AVS 64th International Symposium & Exhibition | |
Plasma Science and Technology Division | Monday Sessions |
Session PS+AS+SS-MoA |
Session: | Plasma Surface Interactions |
Presenter: | Hu Li, Osaka University, Japan |
Authors: | H. Li, Osaka University, Japan K. Karahashi, Osaka University, Japan M. Fukasawa, Sony Semiconductor Solutions Corporation, Japan A. Hirata, Sony Semiconductor Solutions Corporation, Japan K. Nagahata, Sony Semiconductor Solutions Corporation, Japan T. Tatsumi, Sony Semiconductor Solutions Corporation, Japan S. Hamaguchi, Osaka University, Japan |
Correspondent: | Click to Email |
Micro-fabrication of transparent conducing oxides (TCOs), such as tin-doped indium oxide (ITO) and zinc oxide (ZnO), has been performed for optoelectronic devices such as solar panels and head-mounted liquid crystal displays.

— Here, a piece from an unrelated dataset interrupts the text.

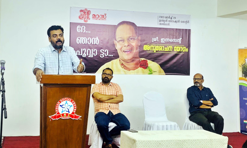 അജ്മാൻ: ചലച്ചിത്ര താരവും മുൻ എം.പിയുമായ ഇന്നസെന്റിന്റെ വിയോഗത്തിൽ മാസ് അനുശോചനയോഗം സംഘടിപ്പിച്ചു. എഴുത്തുകാരനും തിരക്കഥാ കൃത്തുമായ സന്തോഷ് ഏച്ചിക്കാനം അനുശോചന പ്രഭാഷണം നടത്തി. അജ്മാൻ ഇന്ത്യൻ സോഷ്യൽ സെന്റർ ഹാളിൽ നടന്ന അനുശോചന യോഗത്തിൽ മാസ് പ്രസിഡന്റ് വാഹിദ് നാട്ടിക അധ്യക്ഷത വഹിച്ചു.
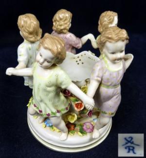 ANTIQUE GERMAN RING AROUND THE ROSES CHILDREN PLAYING FLORAL FIGURAL PLANTER

With the increasing demand of such devices, more efficient and more controllable fabrication technologies for patterning of TCOs are highly required. Reactive ion etching (RIE), which uses energetic reactive ions and typically allows high etch rates and high selectivity over hard masks, may be suitable for high-resolution pattering of TCOs. Hydrocarbon-based non-corrosive gases such as CH4 and methanol have been used for RIE processes of TCOs. However, etching reactions and mechanisms of such processes have not been well understood. Therefore, the goal of this study is to clarify the mechanisms of RIE of TCOs by hydrocarbon-based plasmas.

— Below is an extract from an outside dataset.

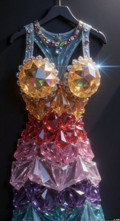 From a macro perspective, a rainbow seven-color gradient crystal dress is hung on a black minimalist hanger. Gems are closely arranged to form a gorgeous gradient, embellished with metal buckles at the collar and hem. The slim fit highlights the body curves, and the fluffy skirt is covered with crystal gems. Lit from the upper side, it creates delicate highlights and shadows, and the gems refract colorful halos. The shadow of the hanger contrasts with the luster of the dress, high

In this study, sputtering yields of ITO were measured with the use of a mass-selected ion beam system, which allows the injection of only desired ion species with a specified incident energy into a substrate set in an ultra-high vacuum chamber. It has been found that the physical sputtering yield of an ITO film increases with pre-injection of energetic hydrogen (H) or helium (He) ions, which indicates that some atoms of the modified ITO film are less tightly bound and become more amenable to physical sputtering. The X-ray Photoelectron Spectroscopy (XPS) observation of ITO films pre-treated by energetic H or He ion injections has shown that the increase of the sputtering yield cannot be explained by the surface reduction of ITO films. In our preliminary study on ZnO, we have observed by Transmission Electron Microscopy (TEM) that the grain sizes of a ZnO film decrease after the film is exposed to energetic He ion injection. Therefore we surmise that grain sizes of ITO also similarly decrease and consequently the regions of grain boundaries increase after the film is pretreated by energetic H or He ions. By definition, atoms at grain boundaries are less tightly bonded with surrounding atoms than those in the crystalline bulk and therefore the increase of the grain boundaries is likely to contribute to the increase of the sputtering yield of the film.